Pembentukan tim investigasi bisa menggandeng otoritas pajak dalam atau luar negeri. Hal ini dinilai penting untuk memastikan apakah ada praktik penghindaran pajak atau tidak.
Baca: "Dokumen Surga", Ujian Selanjutnya untuk Pemerintah...
Selama ini, negara-negara surga pajak memang dipilih oleh sebagian orang untuk menyimpan hartanya atau investasi karena memiliki tarif pajak rendah, jaminan perlindungan aset, hingga jaminan keamanan tinggi dewa.
Berbagai fasiltas itu menjadi magnet kuat bagi siapa pun yang memiliki kemampuan finansial untuk menyimpan hartanya di negara-negara surga pajak, termasuk dana-dana haram sekalipun.
Negara-negara atau yurisdiksi yang dikenal sebagai surga pajak di antaranya Cayman Islands, Luksemburg, Bermuda, Bahamas, dan Swiss.
Menurut Bima, tindak lanjut Paradise Papers seharusnya bisa lebih mulus dan tuntas karena tidak ada pengampunan pajak atau tax amnesty jilid 2.

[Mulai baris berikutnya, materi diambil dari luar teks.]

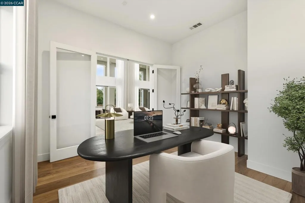 Single-level sophistication marks this exquisite Davidon Homes residence, set within one of Napa’s most sought-after gated communities. Designed with versatility and comfort in mind, the main home features 4 spacious en suite bedrooms, including a beautiful primary retreat with radiant-heated bath floors, a fireplace, and 2 custom walk-in closets. A junior primary suite at the other end of the home offers an ideal space for guests or extended family. The open-concept kitchen alongside the expansive Great Room will be the centerpiece of family life and entertainment. The chef's kitchen features granite countertops and a fully equipped back kitchen with a second refrigerator, microwave, sink, dishwasher, pantry and closet space. The Great Room opens to a covered outdoor patio with a gas fireplace for year-round enjoyment. Work from home is easy in the spacious study alongside. An attached, yet private, 1BD/1BA ADU, with a full kitchen, living room and laundry, provides a seamless option for multigenerational living or a guest residence. Additional highlights include 16 owned solar panels, a security system, pre-wired surround-sound, Ring doorbell, radiant flooring, and premium concrete hardscaping. It’s just minutes to downtown Napa, Highway 29, world-class wineries and recreation. *Digitally altered images
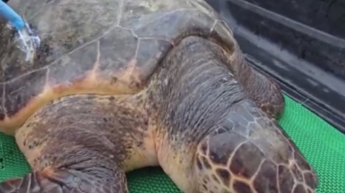 Yaklaşık 150 kilogram olan caretta caretta gerekli kontrol ve muayenelerinin tamamlanmasının ardından yeniden denize bırakıldı.
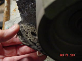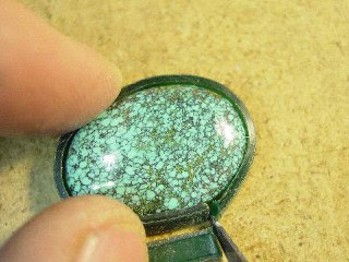 The casting was quenched seven minutes after the pour. It was brushed with a brass brush to remove the investment. Investment can still be seen under the bear. The casting was not pickled and does not need to be pickled before polishing it. It is free of both cupric oxide, the black oxide, and cuprous oxide, fire scale.
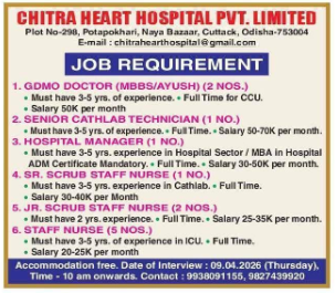 Recruitment at Chitra Heart Hospital Cuttack 2026: Chitra Heart Hospital Pvt. Limited in Cuttack, Odisha, is inviting applications for various medical and administrative positions. The hospital is located at Plot No-298, Potapokhari, Naya Bazaar, Cuttack – 753004.
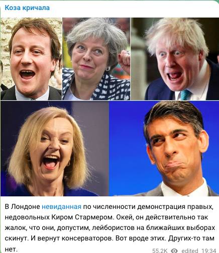 Уже сейчас очевидно, что Франция уйдет от поддержки Украины, прогнозируют аналитики украинского телеграм-канала «ЗеРада». Убеждены они и в том, что Британию ждет серьезный политический кризис, и к власти могут прийти правые, которые выступают против помощи Киеву.

Alasannya, tahun lalu, saat dokumen Panama Papers terungkap, upaya menelusuri harta para WNI terbentur dengan kebijakan tersebut.
Baca: Heboh Data Investigasi "Dokumen Surga", Apa Kata Ditjen Pajak?
Berdasarkan data penelitian ekonom Univesity of California, Gabriel Zucman, dana yang tersembunyi atau dana gelap di dunia mencapai 7,1 triliun dollar atau Rp 98.000 triliun.
Sementara, berdasarkan data Kementerian Keuangan (Kemenkeu), harta WNI di luar negeri mencapai Rp 11.000 triliun.
Angka itu sama dengan 11,2 persen dana yang tersembunyi di dunia.
Adapun, lembaga riset internasional McKinsey memperkirakan harta WNI di luar negeri mencapai Rp 3.250 triliun.
Meski potensi harta WNI di luar negeri sangat besar, namun harta yang dilaporkan melalui program tax amnesty atau pengampunan pajak hanya Rp 1.179.
Rinciannya, Rp 1.032 triliun deklarasi luar negeri dan Rp 147 triliun dana repatriasi.
Jika dibandingkan angka Rp 11.000 triliun data pemerintah atau Rp 3.250 triliun data McKinsey, realisasi tax amnesty masih kecil.
Meski demikian, Indonesia menjadi satu dari 100 negara yang sudah sepakat menjalin kerja sama pertukaran informasi keuangan untuk kepentingan perpajakan atau Automatic Exchange of Information (AEoI).
Kebijakan itu akan diterapkan di Indonesia pada 2018.
Manfaatnya, pemerintah bisa mendapatkan data-data keuangan para WNI yang ada di luar negeri dari otoritas pajak setempat kapan saja tanpa meminta sekali pun.